Luis Rojas Cárdenas / A contrapelo
Una leyenda del campo mexicano cuenta que las víboras de cascabel sienten una atracción erótica incontenible por los pechos de las mujeres lactantes. Las serpientes aprovechan el momento en que las recién paridas se distraen amamantando al bebé, para desplazarse con suavidad sobre el cuerpo femenino, y las mujeres no alcanzan a advertir el roce de la piel escamosa del reptil, que se enrosca con sutileza entre las piernas, recorre la cintura, anida en el vientre, y se deleita de principio a fin con el cuerpo oloroso a crianza hasta que logra apropiarse del seno desbordante de leche. Si alguien lograra ponerse en el cuerpo de la serpiente, quizá se hundiría en un estado de frustración por la falta de extremidades: “me faltan manos”, diría para expresar su incapacidad de amasar unos senos hipertróficos. Engolosinadas con el surtidor lácteo, las serpientes mordisquean el pezón de su improvisada nodriza hasta alcanzar el éxtasis que sólo puede obtenerse mediante la ordeña, al deleitarse con los chorros de calostro robado. Y para evitar que el bebé reclame el hurto lácteo, las hábiles ladronas acercan el cascabel de su cola a las manitas del infante para que juegue con él como si fuera sonaja. Otras versiones de esta historia suponen que, mientras la víbora se regodea en las cremosas tetas, copula con la mujer y, como si poseyera un órgano viril de envidiable extensión, inserta su crótalo en la vagina y con el cascabeleo le provoca una sensación parecida a la que brinda un vibrador eléctrico. Con los elementos que se pueden rescatar de estas historias no ha sido posible determinar si la serpiente y la mujer alcanzan el orgasmo durante estos encuentros, lo único cierto es que los reptiles terminan completamente descascarados, y las féminas más exprimidas que una Holstein de alto registro conectada a los chupones de una ordeñadora automática.
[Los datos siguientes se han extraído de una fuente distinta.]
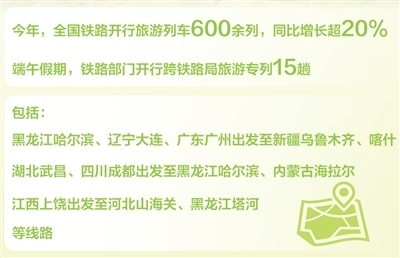 國(guó)鐵集團(tuán)數(shù)據(jù)顯示:今年全國(guó)鐵路已開行旅游列車600余列,同比增長(zhǎng)超20%。端午假期,鐵路部門開行跨鐵路局旅游專列15趟,包括從黑龍江哈爾濱、遼寧大連、廣東廣州出發(fā)至新疆烏魯木齊、喀什,湖北武昌、四川成都出發(fā)至黑龍江哈爾濱、內(nèi)蒙古海拉爾,江西上饒出發(fā)至河北山海關(guān)、黑龍江塔河等線路。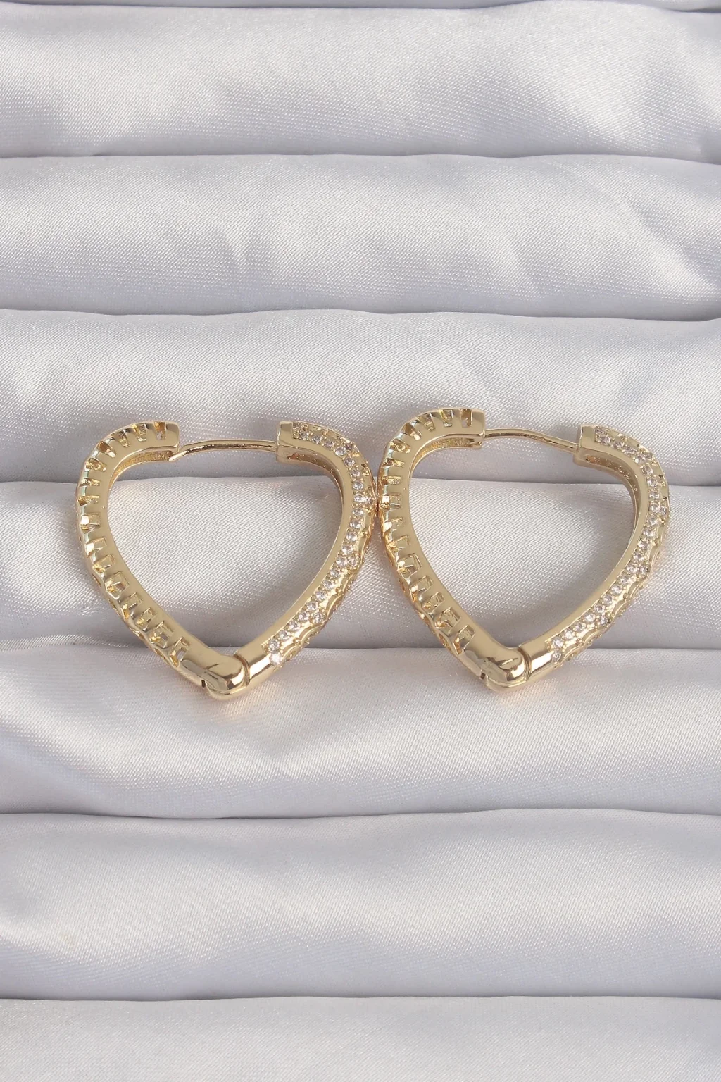 Pirinç Gold Renk Zirkon Taşlı Motifli Kalp Küpe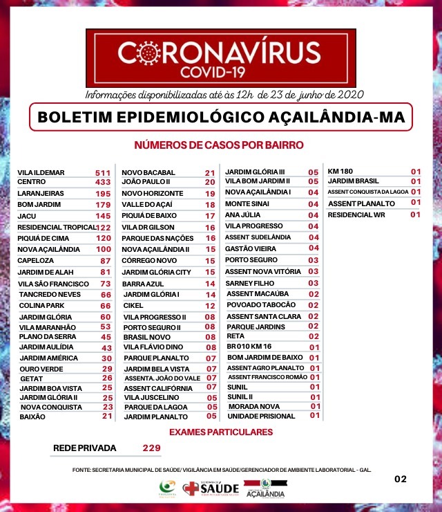 Devido a grande demanda de casos, a Secretaria de Estado de Saúde não está atualizando os dados de Açailândia.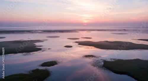 © Xioo, Fototapeta premium Serene Misty Wetlands at Sunrise with Pastel Sky and Reflective Waters.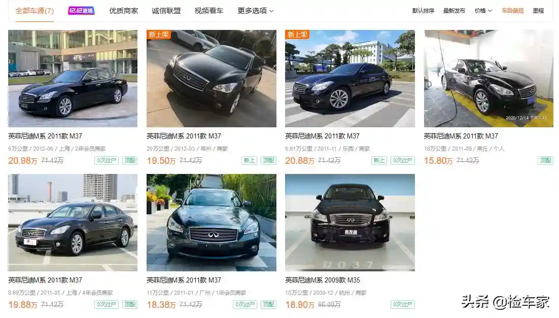 英菲尼迪M系列其实是Q70的前身,M37仅仅有2011款,当年定价65.80万,因为品牌小众销量不好,M37在国内可以说相当少见,大街上的出镜率还没有姚明一个脚指头高。二手车源也非常稀缺,在某汽车类网站上仅仅只有6台,均价在18万以上。这个残值其实还是比较高的,要知道同年份同价位的A6L都只剩10万左右了。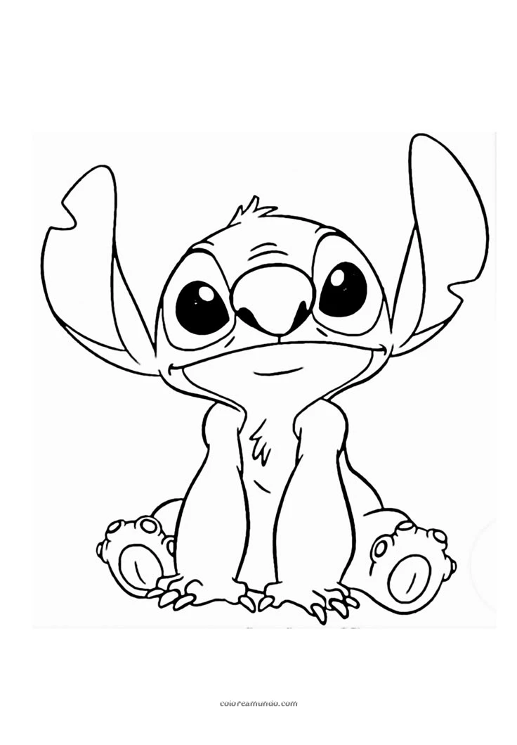 stich sentado posando con sus manos en el suelo

De ahí la conseja popular de que las serpientes no se andan con mamadas.
Otra leyenda, ahora de la mitología urbana, dice que, cuando la zona de tolerancia del antiguo Distrito Federal estaba en la calle de San Juan de Letrán, allá por los años 40 del siglo pasado, había unos galerones en donde los parroquianos realizaban una práctica sexual poco ortodoxa, considerada exclusiva para personas de gustos refinados, conocida como: “Tuércele el cuello al ganso”, en la que dos prostitutas desnudas sometían a un ganso atado de pico y alas sobre una mesa, mientras el cliente con las manos aferradas a los pechos femeninos embestía al ave. Al momento en que las mujeres advertían que se aproximaba la eyaculación del fornicador, una de ellas decapitaba al ave provocando aletazos demenciales y, en medio de una nube de plumas con las contracciones y los estertores de la muerte, el cliente alcanzaba niveles de placer poco conocidos.
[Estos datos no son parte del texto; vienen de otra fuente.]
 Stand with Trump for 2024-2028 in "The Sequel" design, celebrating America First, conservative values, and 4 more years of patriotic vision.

Son infinitas las leyendas del campo y la ciudad, modernas y antiguas, que hablan de los encuentros carnales entre animales y humanos, Antonio Tello, en la entrada de “Bestialidad”, de su “Gran Diccionario Erótico”, retoma los mitos fundacionales de dos culturas americanas: “los indios iroqueses, nacidos del ayuntamiento de lobos y mujeres, o los esquimales de Smith Soud, del acoplamiento de mujeres y osos”. De esta manera, pueblos enteros al saberse descendientes del ayuntamiento de humanos con bestias, tienen la noción cultural de que el coito entre animales y humanos es una práctica natural. Asimismo, Tello menciona que: “Entre los árabes las leyes religiosas prohibían la copulación con bestias, aunque con esta excepción: ‘Está permitido fornicar con animales hembras cuando es víctima de la gonorrea, de fuerte inflamación del pene y de otras afecciones que no vayan acompañadas de úlceras o llagas’”, o sea, en esta cultura el bestialismo machista se permitía como remedio medicinal para dar alivio a los enfermos. ¡Qué importaba infectar a una cabra de doble propósito!, si aun enferma de gonorrea su carne podía disfrutarse en un delicioso platillo.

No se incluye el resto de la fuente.